Lightweight and Interpretable ML Model for Speech Emotion Recognition and Ambiguity Resolution (trained on IEMOCAP dataset)

License: MIT License

Jupyter Notebook 97.19% Python 2.81%

speech-emotion-recognition pytorch scikit-learn pandas librosa multimodal-emotion-recognition python3 iemocap lstm

multimodal-speech-emotion-recognition's Introduction

Multimodal Speech Emotion Recognition and Ambiguity Resolution

Overview

Identifying emotion from speech is a non-trivial task pertaining to the ambiguous definition of emotion itself. In this work, we build light-weight multimodal machine learning models and compare it against the heavier and less interpretable deep learning counterparts. For both types of models, we use hand-crafted features from a given audio signal. Our experiments show that the light-weight models are comparable to the deep learning baselines and even outperform them in some cases, achieving state-of-the-art performance on the IEMOCAP dataset.

The hand-crafted feature vectors obtained are used to train two types of models:

ML-based: Logistic Regression, SVMs, Random Forest, eXtreme Gradient Boosting and Multinomial Naive-Bayes.
DL-based: Multi-Layer Perceptron, LSTM Classifier

This project was carried as a course project for the course CS 698 - Computational Audio taught by Prof. Richard Mann at the University of Waterloo. For a more detailed explanation, please check the report.

Datasets

The IEMOCAP dataset was used for all the experiments in this work. Please refer to the report for a detailed explanation of pre-processing steps applied to the dataset.

Requirements

All the experiments have been tested using the following libraries:

xgboost==0.82
torch==1.0.1.post2
scikit-learn==0.20.3
numpy==1.16.2
jupyter==1.0.0
pandas==0.24.1
librosa==0.7.0

To avoid conflicts, it is recommended to setup a new python virtual environment to install these libraries. Once the env is setup, run pip install -r requirements.txt to install the dependencies.

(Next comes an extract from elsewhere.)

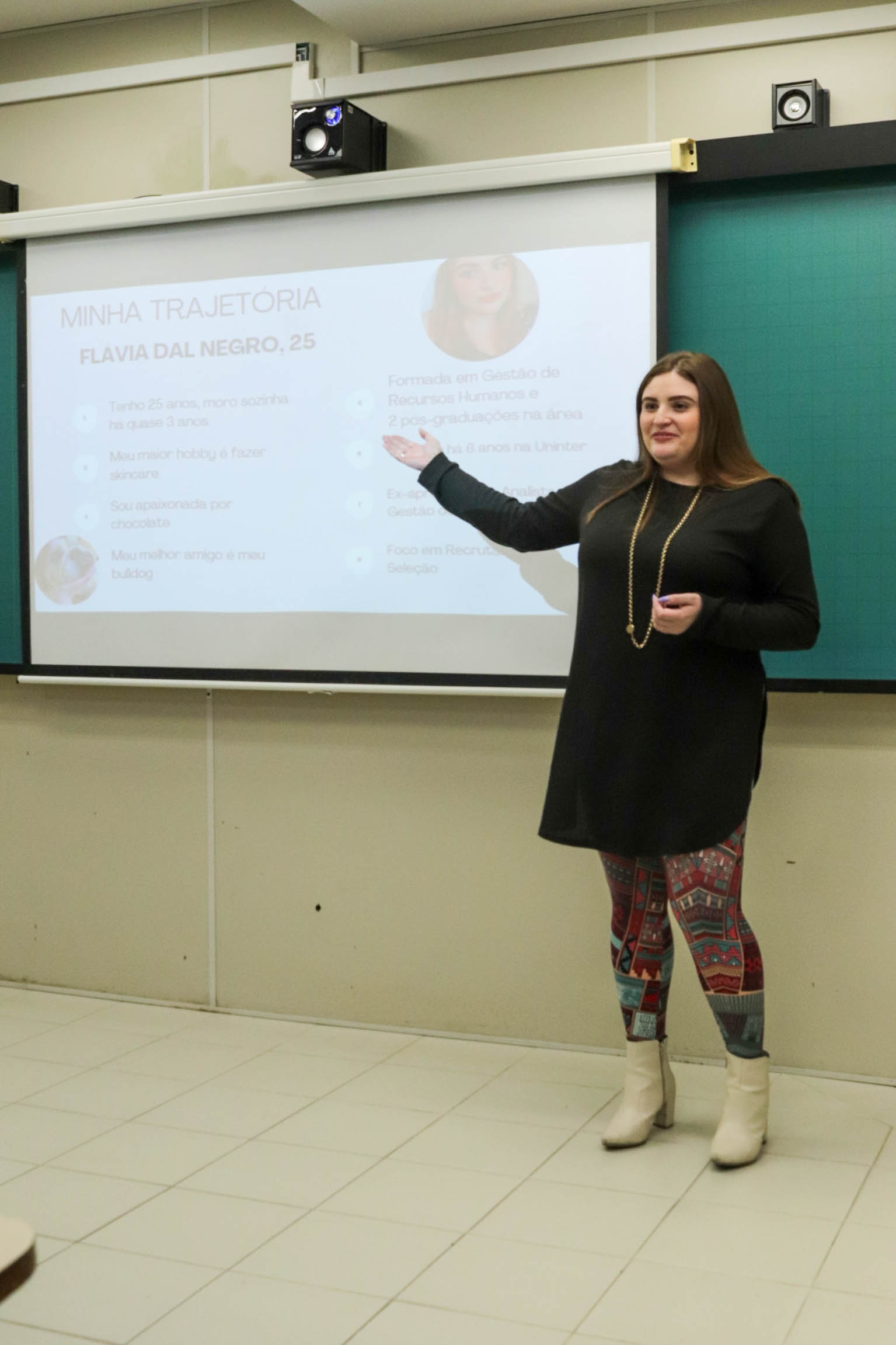Flávia ingressou no Grupo Uninter ainda como jovem aprendiz e hoje faz parte do time de Recrutamento e Seleção. Um caso de sucesso, com efetivação e promoção dentro do setor, a profissional utilizou da rica trajetória que possui para falar com os jovens aprendizes.

Instructions to run the code

Clone this repository by running git clone [email protected]:Demfier/multimodal-speech-emotion-recognition.
Go to the root directory of this project by running cd multimodal-speech-emotion-recognition/ in your terminal.
Start a jupyter notebook by running jupyter notebook from the root of this project.
Run 1_extract_emotion_labels.ipynb to extract labels from transriptions and compile other required data into a csv.
Run 2_build_audio_vectors.ipynb to build vectors from the original wav files and save into a pickle file
Run 3_extract_audio_features.ipynb to extract 8-dimensional audio feature vectors for the audio vectors
Run 4_prepare_data.ipynb to preprocess and prepare audio + video data for experiments
It is recommended to train LSTMClassifier before running any other experiments for easy comparsion with other models later on:

Change config.py for any of the experiment settings. For instance, if you want to train a speech2emotion classifier, make necessary changes to lstm_classifier/s2e/config.py. Similar procedure follows for training text2emotion (t2e) and text+speech2emotion (combined) classifiers.
Run python lstm_classifier.py from lstm_classifier/{exp_mode} to train an LSTM classifier for the respective experiment mode (possible values of exp_mode: s2e/t2e/combined)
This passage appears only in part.